WIP refactor benchmarking: benchmark_videos()

maximpavliv · maximpavliv · commit 83661878f0f1 · 2025-06-17T09:22:57.000+02:00
diff --git a/dlclive/benchmark.py b/dlclive/benchmark.py
@@ -16,6 +16,7 @@
 import colorcet as cc
 import cv2
 import numpy as np
+import pickle
 from PIL import ImageColor
 from pip._internal.operations import freeze
 import torch
@@ -62,6 +63,149 @@ def show_progress(count, block_size, total_size):
     with zipfile.ZipFile(zip_path, 'r') as zip_ref:
         zip_ref.extractall(target_dir)
 
+
+def benchmark_videos(
+    model_path,
+    video_path,
+    output=None,
+    n_frames=1000,
+    tf_config=None,
+    resize=None,
+    pixels=None,
+    cropping=None,
+    dynamic=(False, 0.5, 10),
+    print_rate=False,
+    display=False,
+    pcutoff=0.5,
+    display_radius=3,
+    cmap="bmy",
+    save_poses=False,
+    save_video=False,
+):
+    """Analyze videos using DeepLabCut-live exported models.
+    Analyze multiple videos and/or multiple options for the size of the video
+    by specifying a resizing factor or the number of pixels to use in the image (keeping aspect ratio constant).

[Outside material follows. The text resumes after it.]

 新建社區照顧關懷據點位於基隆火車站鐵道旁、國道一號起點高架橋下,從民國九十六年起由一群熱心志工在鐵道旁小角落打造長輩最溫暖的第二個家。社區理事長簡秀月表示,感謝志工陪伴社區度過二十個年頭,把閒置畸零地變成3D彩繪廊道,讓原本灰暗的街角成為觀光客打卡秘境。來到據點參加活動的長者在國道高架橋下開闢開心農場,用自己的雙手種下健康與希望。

+    Options to record inference times (to examine inference speed),
+    display keypoints to visually check the accuracy,
+    or save poses to an hdf5 file as in :function:`deeplabcut.benchmark_videos` and
+    create a labeled video as in :function:`deeplabcut.create_labeled_video`.
+
+    Parameters
+    ----------
+    model_path : str
+        path to exported DeepLabCut model
+    video_path : str or list
+        path to video file or list of paths to video files
+    output : str
+        path to directory to save results
+    tf_config : :class:`tensorflow.ConfigProto`
+        tensorflow session configuration
+    resize : int, optional
+        resize factor. Can only use one of resize or pixels. If both are provided, will use pixels. by default None
+    pixels : int, optional
+        downsize image to this number of pixels, maintaining aspect ratio. Can only use one of resize or pixels. If both are provided, will use pixels. by default None
+    cropping : list of int
+        cropping parameters in pixel number: [x1, x2, y1, y2]

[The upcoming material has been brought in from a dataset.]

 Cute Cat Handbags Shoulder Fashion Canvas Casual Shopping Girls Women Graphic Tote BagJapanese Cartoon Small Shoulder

+    dynamic: triple containing (state, detectiontreshold, margin)
+        If the state is true, then dynamic cropping will be performed. That means that if an object is detected (i.e. any body part > detectiontreshold),
+        then object boundaries are computed according to the smallest/largest x position and smallest/largest y position of all body parts. This  window is
+        expanded by the margin and from then on only the posture within this crop is analyzed (until the object is lost, i.e. <detectiontreshold). The
+        current position is utilized for updating the crop window for the next frame (this is why the margin is important and should be set large
+        enough given the movement of the animal)
+    n_frames : int, optional
+        number of frames to run inference on, by default 1000
+    print_rate : bool, optional
+        flat to print inference rate frame by frame, by default False
+    display : bool, optional
+        flag to display keypoints on images. Useful for checking the accuracy of exported models.
+    pcutoff : float, optional
+        likelihood threshold to display keypoints
+    display_radius : int, optional
+        size (radius in pixels) of keypoint to display
+    cmap : str, optional
+        a string indicating the :package:`colorcet` colormap, `options here <https://colorcet.holoviz.org/>`, by default "bmy"
+    save_poses : bool, optional
+        flag to save poses to an hdf5 file. If True, operates similar to :function:`DeepLabCut.benchmark_videos`, by default False
+    save_video : bool, optional
+        flag to save a labeled video. If True, operates similar to :function:`DeepLabCut.create_labeled_video`, by default False
+
+    Example
+    -------
+    Return a vector of inference times for 10000 frames on one video or two videos:
+    dlclive.benchmark_videos('/my/exported/model', 'my_video.avi', n_frames=10000)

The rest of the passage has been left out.